[CentOS] 3ware disk failure -> hang

Fri Jan 6 17:39:38 UTC 2006
Bryan J. Smith <thebs413 at earthlink.net>

Joshua Baker-LePain <jlb17 at duke.edu> wrote:
> I'm running an all software RAID50 ...
> This morning I came in to find the system hung.
> Turns out a disk went overnight on one of the 7500s,
> and rather than a graceful failover I got this:
> Jan  6 01:03:58 $SERVER kernel: 3w-xxxx: scsi2: Command
> failed: status = 0xc7,flags = 0x40, unit #3.
> Jan  6 01:04:02 $SERVER kernel: 3w-xxxx: scsi2: AEN: ERROR:
> Drive error: Port #3.
> Jan  6 01:04:10 $SERVER 3w-xxxx[2781]: ERROR: Drive error
> encountered on port 3 on controller ID:2. Check cables and
> drives for media errors. (0xa)

Yes, the drive failed.

Had you used the 3Ware's intelligent hardware RAID, it would
have hidden the drive disconnect from the system.  You'd see
a log entry on the failure, and that the array was in a
"downgraded" state.

Instead, you're using software RAID, and it's up to the
kernel to not panic on itself because a disk is no longer
available.  The problem isn't the 3Ware controller, it's the
software RAID logic in the kernel.

> Any ideas as to what I can do to prevent this in the
> future?

Use the 3Ware card as it is intended, a hardware RAID card.

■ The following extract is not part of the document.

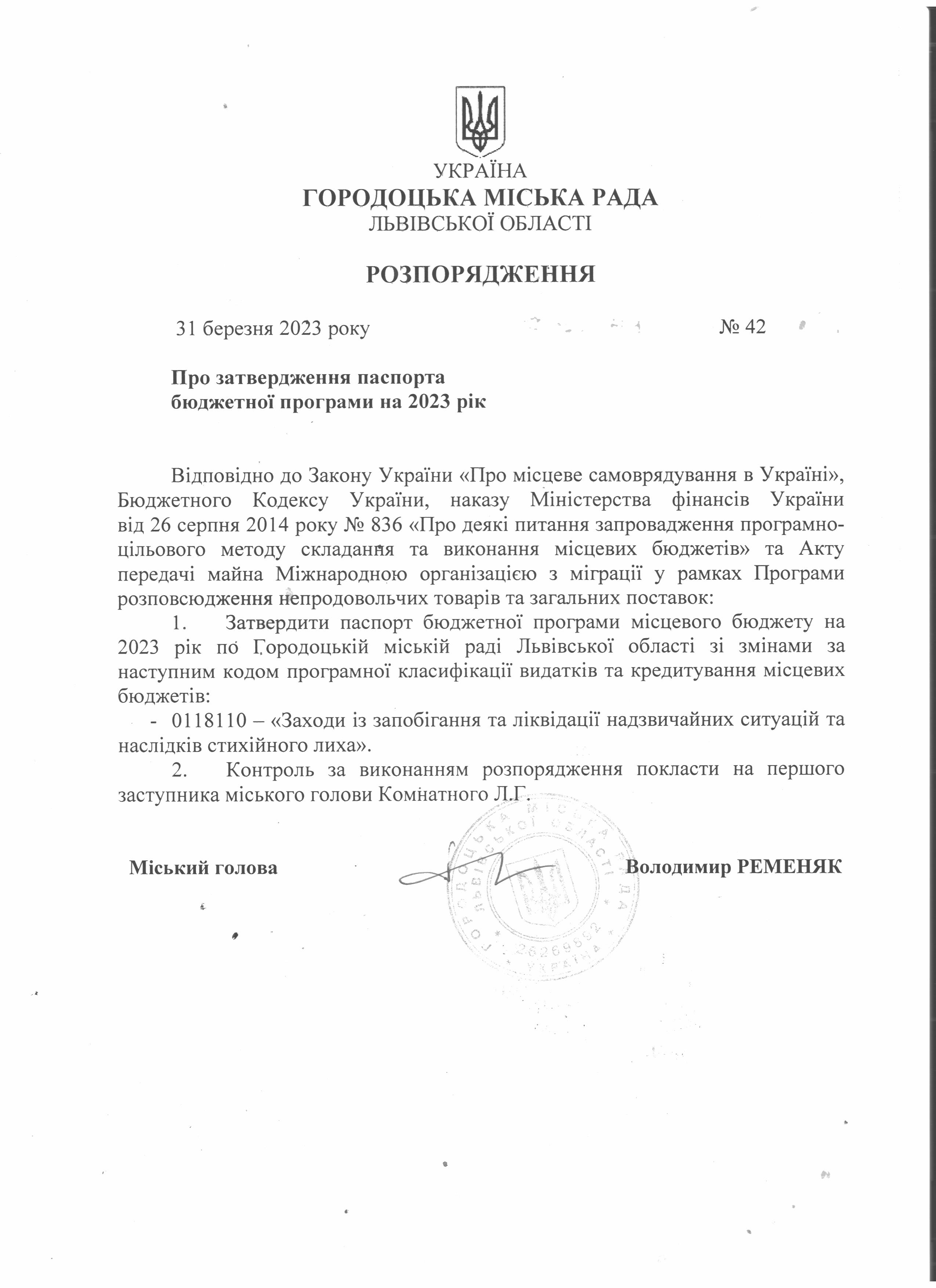 Розпорядження міського голови №42 від 31 березня 2023 року "Про затвердження паспорта бюджетної програми на 2023 рік" Файл: 42.jpeg Паспорт по КПКВ 0118110.pdf

> Having the system hang every time a disk dies is, well,
less
> than optimal.

No joke.  It wasn't until even kernel 2.6 that hotplug
support was offered, and it still does _not_ work as
advertised.

It's stuff like this that makes me want to strangle most
advocates of using 3Ware cards with software RAID.  There are
countless issues like this -- far more than the alleged
"hardware lock-in" negative of using hardware RAID.


-- 
Bryan J. Smith     Professional, Technical Annoyance                      b.j.smith at ieee.org      http://thebs413.blogspot.com
----------------------------------------------------
*** Speed doesn't kill, difference in speed does ***